[Entries taken from a collection]
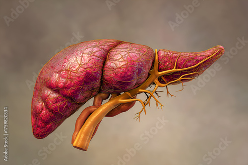 Anatomical Illustration of Human Liver with Vascular and Biliary Anatomy
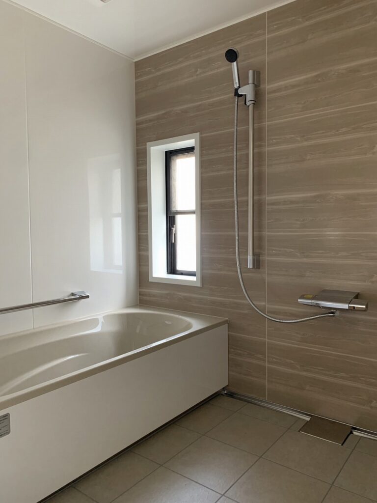 完成した浴室は、ベージュ基調の温かい雰囲気の空間。床はタイルですが、断熱材が敷きこまれ、温かく掃除のしやすい素材になっています。
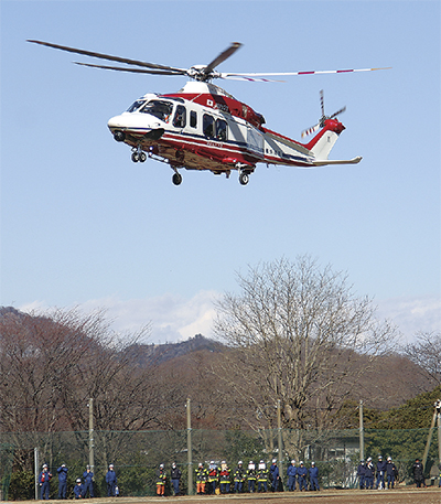 市内西富岡の成城学園伊勢原総合グラウンドで1月11日、県外などから消防防災ヘリの受入れを行う「緊急消防援助隊航空小隊受援訓練」が実施された。
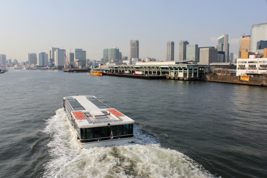 The Sumida River and the Tsukiji Fish Market (right) today.
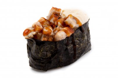 Рис, Нори, Омлет Тамаго, Сыр сливочный, Угорь, Шапка (моцарелла, майонез, чеснок), Соус Унаги ,
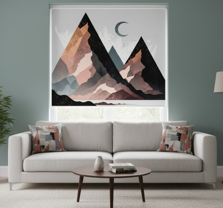 Cortina roller living comedor montañas geométricas nórdicas

### About this task
When restating the records word for word, omit any picture they contain.

### Exercise response
 Anatomical Illustration of Human Liver with Vascular and Biliary Anatomy
 完成した浴室は、ベージュ基調の温かい雰囲気の空間。床はタイルですが、断熱材が敷きこまれ、温かく掃除のしやすい素材になっています。
 市内西富岡の成城学園伊勢原総合グラウンドで1月11日、県外などから消防防災ヘリの受入れを行う「緊急消防援助隊航空小隊受援訓練」が実施された。
 The Sumida River and the Tsukiji Fish Market (right) today.
 Рис, Нори, Омлет Тамаго, Сыр сливочный, Угорь, Шапка (моцарелла, майонез, чеснок), Соус Унаги ,
 Cortina roller living comedor montañas geométricas nórdicas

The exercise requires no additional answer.